In most cases, the "something" that dB values are relative to is the "full scale". The full scale is the maximum signal level that can be represented in a digital system. The exact definition is a bit deeper than that, but basically, the maximum volume a digital system can work with before distoring (clipping) is 0dB. Volume levels for a digital signal are then referenced to that signal, which is why the VU meters in your favorite DAW are labelled "0dB" at the top (maximum volume) and go negative from there (-3dB, -10dB, etc). Technically, the top of that scale should be labelled "0dBFS" (0dB relative to Full Scale), but many things just label their meters as "dB".

As an example of what this means, in some systems it is common for digital audio to be encoded with 8-bit values.3 This means each sample can have a value between -128 and 127. In this case, a sample having a value of 127 would be at "full scale", and if you tried to make it even a tiny bit louder, so that the sample would need a value of 128, that value no longer fits within that range. The software would need to store a value of 127 instead, which means instead of your audio waveforms having a nice rounded top, they'll have a flattened top, like someone "clipped" the top off with a pair of scissors.

The best we have: Loudness normalization and loudness standards

As mentioned before, human hearing has the issue that it hears sound differently depending on the frequency, which means normalizing purely based on volume does not give accurate (to the human ear) results. As well, there are other concerns -- stretches of silence throwing off averages, the need to still have sometimes loud sounds, and others.

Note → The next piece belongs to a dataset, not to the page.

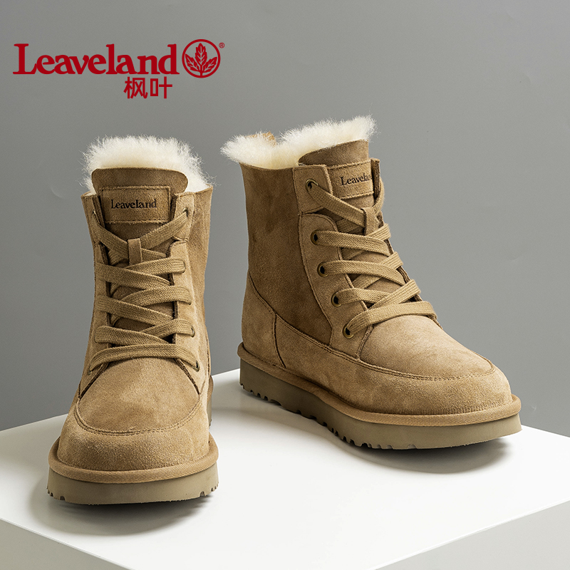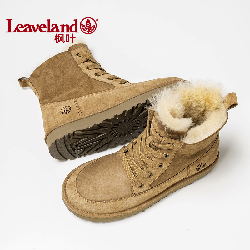 枫叶男鞋冬季高帮棉鞋男皮毛一体靴子东北加绒保暖雪地靴羊毛女鞋

The industry attempted a number of different ways to measure loudness, eventually standardizing on Recommendation ITU-R BS.1770, along with a sprinkling of EBU Tech 3341 (and previously EBU R 128). The contents of these standards are very dry and math-heavy, but the basics are:

  • An audio signal's level is based on not only the raw volume of the signal, but also on the frequency of the signal, based on a mathematical model of human hearing. Two signals with the same loudness measurement will sound the same (more or less) to a human, regardless of the frequency of each.

  • Periods of silence below a certain level (generally -70dB) are ignored

  • Three measurements are ultimately produced for sections of audio at a given timescale. The measurements/timescales are:

    • Momentary Loudness (M): An extremely short term measurement, using a sliding window of 0.4 seconds
    • Short-term Loudness (S): A longer measurement, using a sliding window of 3 seconds
    • Integrated Loudness (I): An overall measurement of the entire media (song, commercial, whatever is appropriate to the specific medium)

Refs

Footnotes

Footnotes

  1. We're playing a bit fast and loose with the math here, since sound data is logarithmic, but this explanation suffices for our purposes

  2. https://pressbooks.pub/sound/chapter/frequency-and-loudness-perception/

  3. Modern digital audio is generally using 16-bit or 24-bit audio, but we're using 8-bit audio here because the numbers are smaller, so are easier to read. 8-bit audio is definitely used in the real world though -- the landline phone system, for example, uses 8-bit samples for the audio.